Entire depth neural network is trained with loss is target;
Step E: segmented image is treated using trained deep neural network model and carries out semantic segmentation, output segmentation knot
Fruit.
Further, in the step B, generic features F is extracted with convolutional networkbackbone, then it is based on generic features
FbackboneObtain three-level context space pyramid fusion feature Ftspp, then cascaded using this two parts as coding network and extracted
Coding characteristic Fencoder, comprising the following steps:
Step B1: generic features F is extracted to pretreatment image using convolutional networkbackbone;
Step B2: using 1 × 1 convolution to feature FbackboneFeature Dimension Reduction is carried out, feature is obtained
Step B3: to FbackboneWhole image carries out average pond, then reuses arest neighbors demosaicing to full size,
Image level feature F is obtained using 1 × 1 convolutionimage;
Step B4: being r with porosityasConvolution kernel to FbackboneIt carries out convolution with holes and obtains featureThen splice three
Grade contextual featureFimageWithFusion Features are carried out using 1 × 1 convolution afterwards, obtaining porosity is rasThree-level context
Fusion featureThe same distribution for keeping input in convolution process using batch standardization, uses line rectification function as activation
Function;Wherein, convolutional calculation formula with holes is as follows:
Wherein,It indicates in output coordinate masThe use porosity of position is rasConvolution with holes processing result,
xas[mas+ras·kas] indicate input xasIn coordinate masOn position in porosity be rasAnd convolution kernel coordinate with holes is kasWhen institute it is right
The input reference pixel answered, was[kas] indicate in convolution kernel with holes as kasThe weight of position;
Step B5: repeating previous step using different porositys, until obtaining ntsppA feature, then by this ntsppA spy
Sign withAnd FimageSpliced, obtains three-level context space pyramid fusion feature Ftspp;
Step B6: using 1 × 1 convolution to feature FtsppDimensionality reduction is carried out, is then carried out again with the dropout in deep learning
Regularization obtains coding characteristic F to the endencoder。

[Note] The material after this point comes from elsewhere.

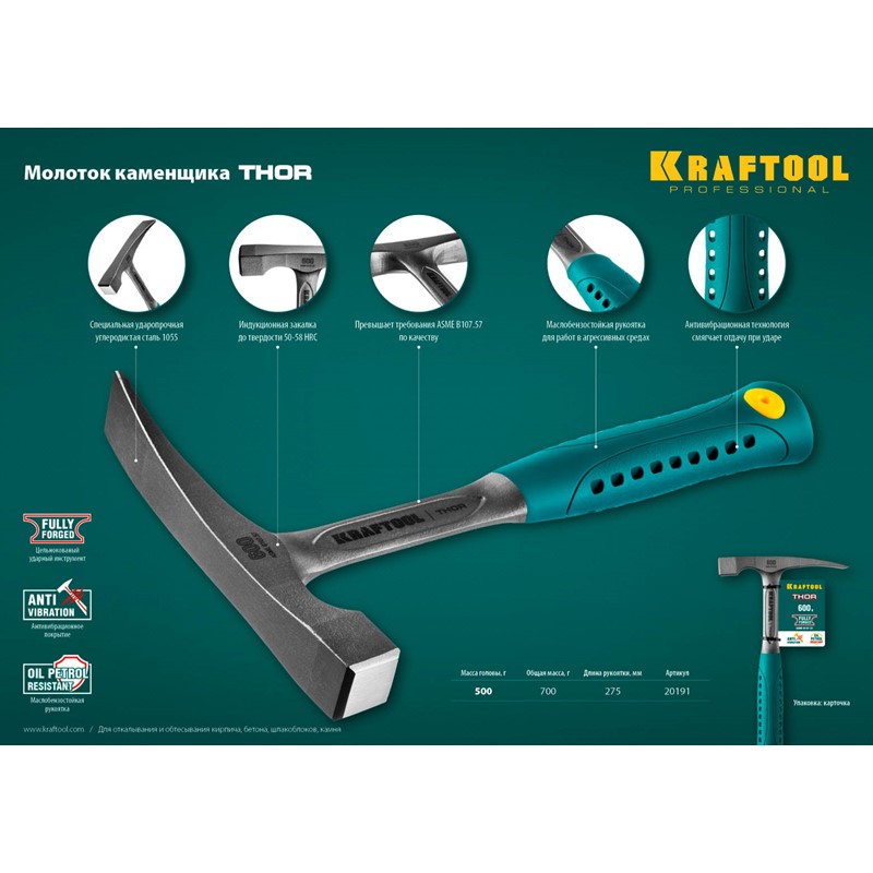Молоток каменщика Kraftool 20191, предназначен для строительных работ. Цельнокованая конструкция обеспечивает максимальную прочность и долгий ресурс. Мягкая накладка на рукоятке позволяет удобно и надёжно захватить инструмент, а также исключает проскальзывание. Воздушные камеры на рукоятке эффективно гасят вибрации.

Further, in the step C, expand coding characteristic FencoderSize is obtained to the half of input image size
Half input size coding feature Fus, middle layer feature is chosen from the convolutional networkCalculate edge featureIn conjunction with
Half input size coding feature Fus, with combination of edge featureDense net be decoding network, carry out image resolution ratio reconstruction,
Calculate decoding feature Fdecoder, comprising the following steps:
Step C1: the ratio that definition initially enters picture size and characteristic size is the output stride of this feature, using most
Neighbour's interpolation processing coding characteristic Fencoder, obtain the characteristic pattern F that output stride is 2us;
Step C2: the middle layer feature that output stride is os is chosen from the convolutional network for extracting generic featuresFirst
Dimensionality reduction is carried out using 1 × 1 convolution, is then expanded using bilinear interpolationEdge feature is obtained again
Step C3: splicing feature FusWithAfter 1 × 1 convolution dimensionality reduction, reuses 3 × 3 convolution extraction feature and obtain
Decode feature Fdecoder;
Step C4: choosing than in step C2 smaller output stride os, if all the processing of output stride is completed, decodes
Feature extraction is completed, and F is otherwise splicedusAnd FdecoderAs new Fus, and repeat step C2 to C3.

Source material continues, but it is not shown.